══ EXCERPTED DATA ══

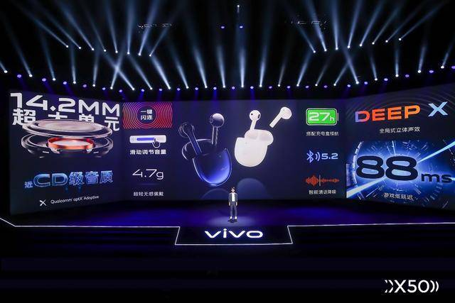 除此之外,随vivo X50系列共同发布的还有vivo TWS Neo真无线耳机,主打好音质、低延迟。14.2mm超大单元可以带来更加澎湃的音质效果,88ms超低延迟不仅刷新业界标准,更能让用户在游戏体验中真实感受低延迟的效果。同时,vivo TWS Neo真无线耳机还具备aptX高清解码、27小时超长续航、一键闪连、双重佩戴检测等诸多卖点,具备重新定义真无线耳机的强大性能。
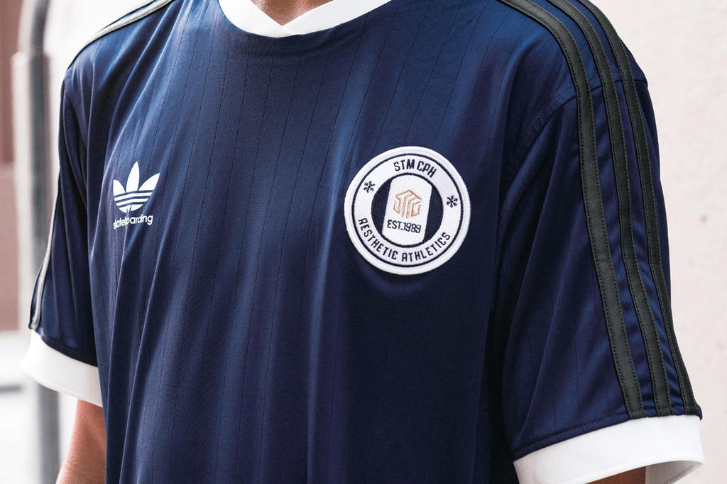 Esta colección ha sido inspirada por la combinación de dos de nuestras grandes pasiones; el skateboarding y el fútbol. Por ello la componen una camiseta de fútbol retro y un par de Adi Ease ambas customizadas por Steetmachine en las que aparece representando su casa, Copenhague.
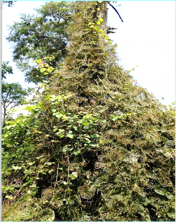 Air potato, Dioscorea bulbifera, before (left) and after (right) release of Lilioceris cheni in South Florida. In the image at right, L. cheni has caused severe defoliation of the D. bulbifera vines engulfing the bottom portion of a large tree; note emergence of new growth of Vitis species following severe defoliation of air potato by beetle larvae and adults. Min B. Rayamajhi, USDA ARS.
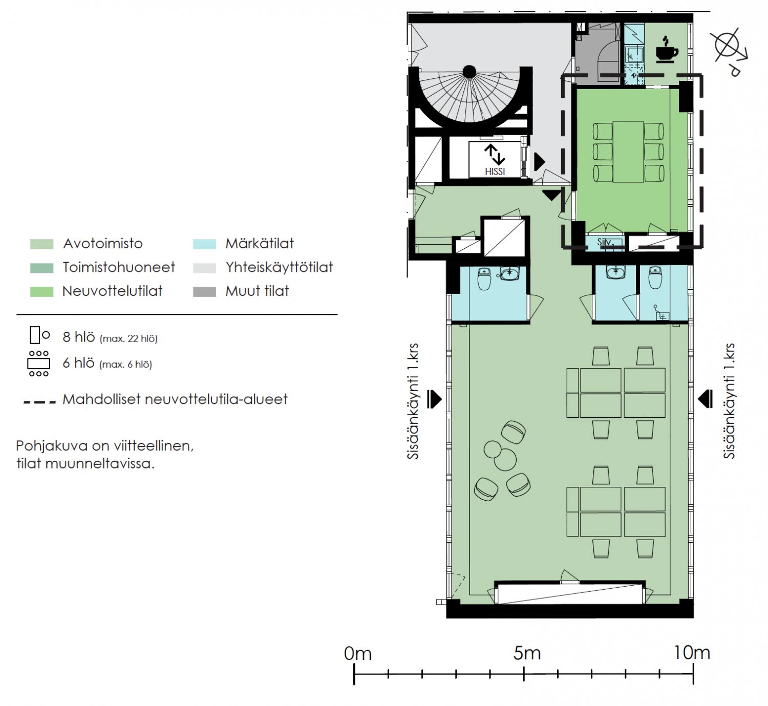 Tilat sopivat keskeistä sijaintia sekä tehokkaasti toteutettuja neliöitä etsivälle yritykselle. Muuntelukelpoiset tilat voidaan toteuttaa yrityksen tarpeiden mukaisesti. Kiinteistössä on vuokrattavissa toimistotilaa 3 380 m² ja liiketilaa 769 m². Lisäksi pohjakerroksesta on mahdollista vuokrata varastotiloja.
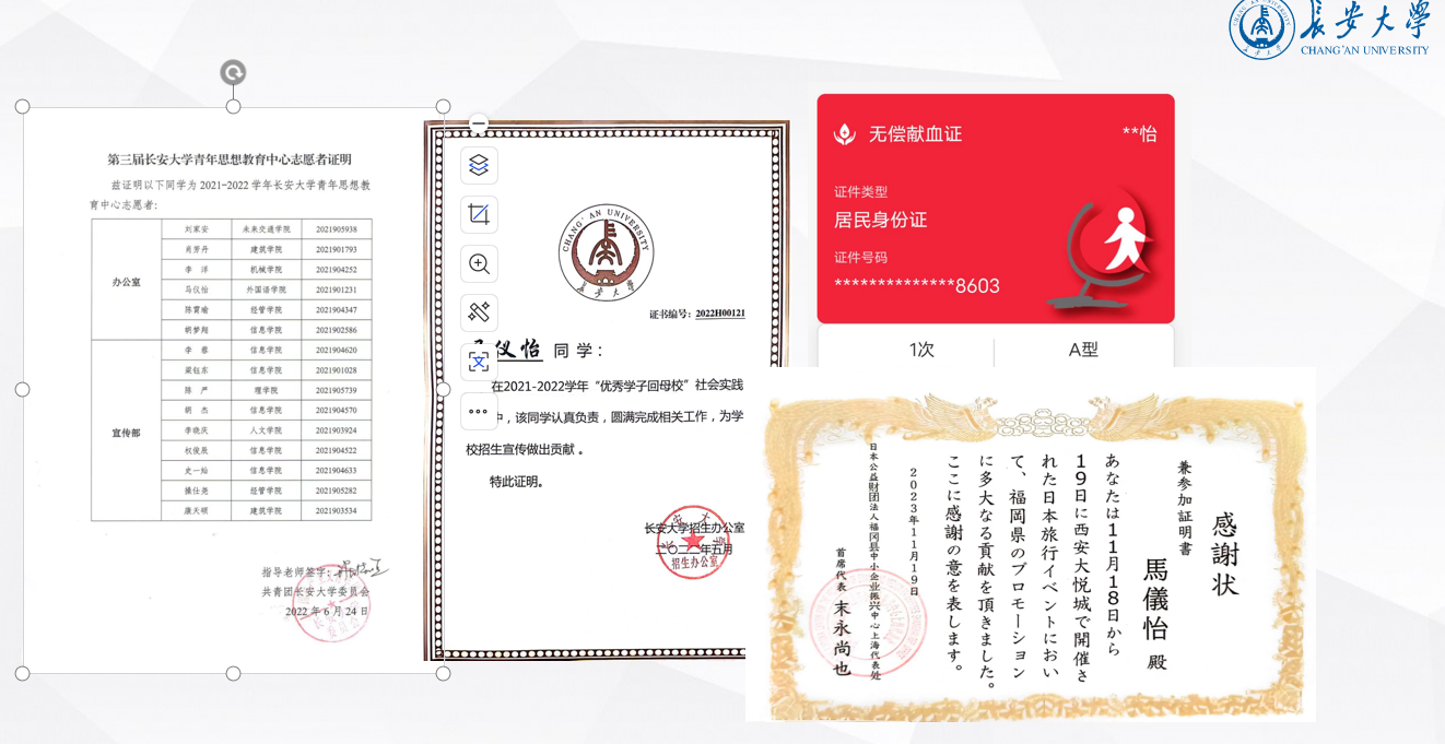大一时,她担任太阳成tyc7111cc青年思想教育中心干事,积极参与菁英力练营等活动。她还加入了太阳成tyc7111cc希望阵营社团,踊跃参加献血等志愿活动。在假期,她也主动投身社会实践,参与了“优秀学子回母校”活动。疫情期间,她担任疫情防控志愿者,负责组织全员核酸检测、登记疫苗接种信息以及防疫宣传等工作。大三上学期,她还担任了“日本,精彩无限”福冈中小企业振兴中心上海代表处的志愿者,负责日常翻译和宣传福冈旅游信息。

═══

Wherever an image sits in the data, omit it; everything else must be copied exactly.

 除此之外,随vivo X50系列共同发布的还有vivo TWS Neo真无线耳机,主打好音质、低延迟。14.2mm超大单元可以带来更加澎湃的音质效果,88ms超低延迟不仅刷新业界标准,更能让用户在游戏体验中真实感受低延迟的效果。同时,vivo TWS Neo真无线耳机还具备aptX高清解码、27小时超长续航、一键闪连、双重佩戴检测等诸多卖点,具备重新定义真无线耳机的强大性能。
 Esta colección ha sido inspirada por la combinación de dos de nuestras grandes pasiones; el skateboarding y el fútbol. Por ello la componen una camiseta de fútbol retro y un par de Adi Ease ambas customizadas por Steetmachine en las que aparece representando su casa, Copenhague.
 Air potato, Dioscorea bulbifera, before (left) and after (right) release of Lilioceris cheni in South Florida. In the image at right, L. cheni has caused severe defoliation of the D. bulbifera vines engulfing the bottom portion of a large tree; note emergence of new growth of Vitis species following severe defoliation of air potato by beetle larvae and adults. Min B. Rayamajhi, USDA ARS.
 Tilat sopivat keskeistä sijaintia sekä tehokkaasti toteutettuja neliöitä etsivälle yritykselle. Muuntelukelpoiset tilat voidaan toteuttaa yrityksen tarpeiden mukaisesti. Kiinteistössä on vuokrattavissa toimistotilaa 3 380 m² ja liiketilaa 769 m². Lisäksi pohjakerroksesta on mahdollista vuokrata varastotiloja.
大一时,她担任太阳成tyc7111cc青年思想教育中心干事,积极参与菁英力练营等活动。她还加入了太阳成tyc7111cc希望阵营社团,踊跃参加献血等志愿活动。在假期,她也主动投身社会实践,参与了“优秀学子回母校”活动。疫情期间,她担任疫情防控志愿者,负责组织全员核酸检测、登记疫苗接种信息以及防疫宣传等工作。大三上学期,她还担任了“日本,精彩无限”福冈中小企业振兴中心上海代表处的志愿者,负责日常翻译和宣传福冈旅游信息。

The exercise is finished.